Modified: pig/branches/branch-0.8/src/org/apache/pig/backend/hadoop/executionengine/physicalLayer/expressionOperators/POUserFunc.java
URL: http://svn.apache.org/viewvc/pig/branches/branch-0.8/src/org/apache/pig/backend/hadoop/executionengine/physicalLayer/expressionOperators/POUserFunc.java?rev=1063964&r1=1063963&r2=1063964&view=diff
==============================================================================
--- pig/branches/branch-0.8/src/org/apache/pig/backend/hadoop/executionengine/physicalLayer/expressionOperators/POUserFunc.java (original)
+++ pig/branches/branch-0.8/src/org/apache/pig/backend/hadoop/executionengine/physicalLayer/expressionOperators/POUserFunc.java Thu Jan 27 02:45:07 2011
@@ -229,13 +229,6 @@ public class POUserFunc extends Expressi
                     result.result = func.exec((Tuple) result.result);
                     }
                 }
-                if(resultType == DataType.BYTEARRAY) {
-                    // This is needed if some EvalFunc has default datatype as bytearray and returns arbitrary objects
-                    // We see such behavior in case of script EvalFunc, which is used to run udfs in scripting langs
-                    if(result.result != null && DataType.findType(result.result) != DataType.BYTEARRAY) {
-                        result.result = new DataByteArray(result.result.toString().getBytes());
-                    }
-                }
                 return result;
             }
                         

Modified: pig/branches/branch-0.8/src/org/apache/pig/newplan/logical/relational/LOGenerate.java
URL: http://svn.apache.org/viewvc/pig/branches/branch-0.8/src/org/apache/pig/newplan/logical/relational/LOGenerate.java?rev=1063964&r1=1063963&r2=1063964&view=diff
==============================================================================
--- pig/branches/branch-0.8/src/org/apache/pig/newplan/logical/relational/LOGenerate.java (original)

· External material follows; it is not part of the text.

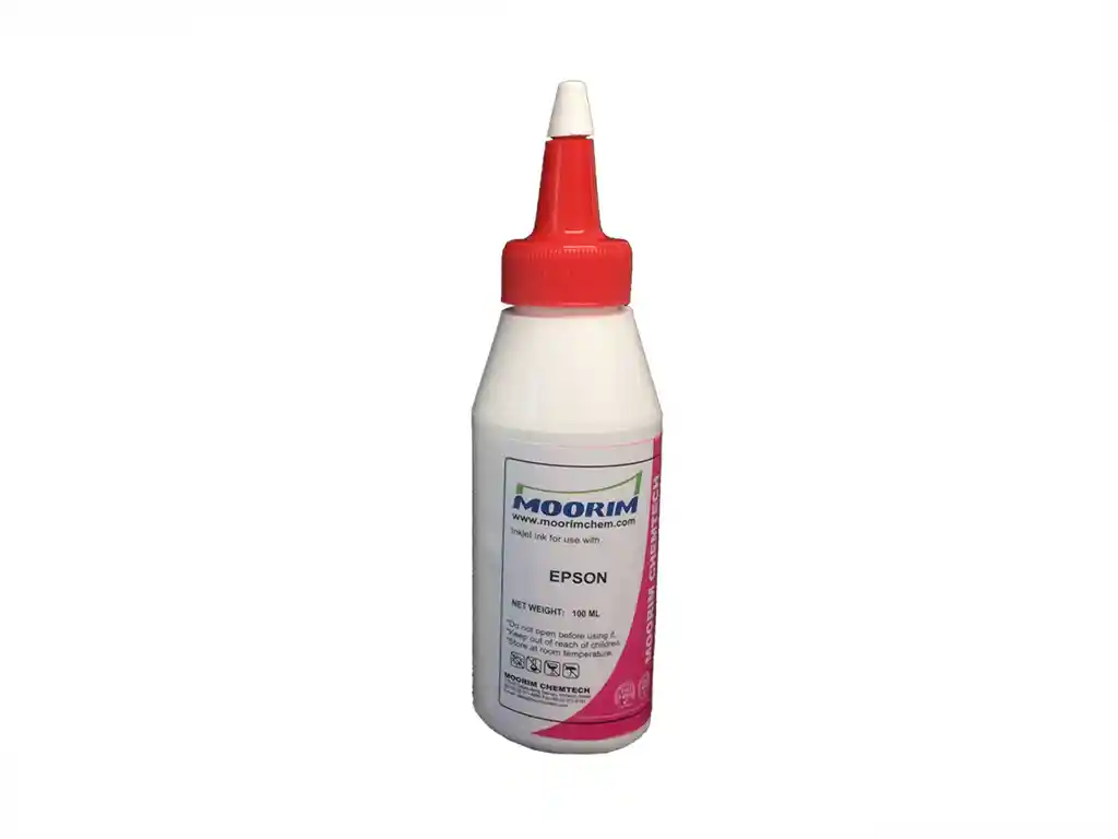 Tinta compatible Epson. Presentacion de 100ml. Compatible con toda la serie L y otros modelos con sistema continuo. ideal para impresiones cotidianas a full color, fotografía no profesional. tinta de excelente calidad, certificada (ISO14001- ISO9001). Marca Moorim, hecha en Corea. Perfecta para recargar cartuchos de tinta

+++ pig/branches/branch-0.8/src/org/apache/pig/newplan/logical/relational/LOGenerate.java Thu Jan 27 02:45:07 2011
@@ -74,6 +74,7 @@ public class LOGenerate extends LogicalR
             
             LogicalFieldSchema fieldSchema = null;
             
+            // schema of expression, or inner schema if expression is flattenned
             LogicalSchema expSchema = null;
             
             if (exp.getFieldSchema()!=null) {
@@ -81,7 +82,7 @@ public class LOGenerate extends LogicalR
                 fieldSchema = exp.getFieldSchema().deepCopy();
                 
                 expSchema = new LogicalSchema();
-                if (fieldSchema.type != DataType.TUPLE && fieldSchema.type != DataType.BAG) {
+                if (!flattenFlags[i] || (fieldSchema.type != DataType.TUPLE && fieldSchema.type != DataType.BAG)) {
                     // if type is primitive, just add to schema
                     if (fieldSchema!=null)
                         expSchema.addField(fieldSchema);
@@ -93,34 +94,30 @@ public class LOGenerate extends LogicalR
                         expSchema = null;
                     }
                     else {
-                        // if flatten is set, set schema of tuple field to this schema
+                        // if we come here, we get a BAG/Tuple with flatten, extract inner schema of the tuple as expSchema
                         List<LogicalSchema.LogicalFieldSchema> innerFieldSchemas = new ArrayList<LogicalSchema.LogicalFieldSchema>();
-                        if (flattenFlags[i]) {
-                            if (fieldSchema.type == DataType.BAG) {
-                                // if it is bag of tuples, get the schema of tuples
-                                if (fieldSchema.schema!=null) {
-                                    if (fieldSchema.schema.isTwoLevelAccessRequired()) {
-                                        //  assert(fieldSchema.schema.size() == 1 && fieldSchema.schema.getField(0).type == DataType.TUPLE)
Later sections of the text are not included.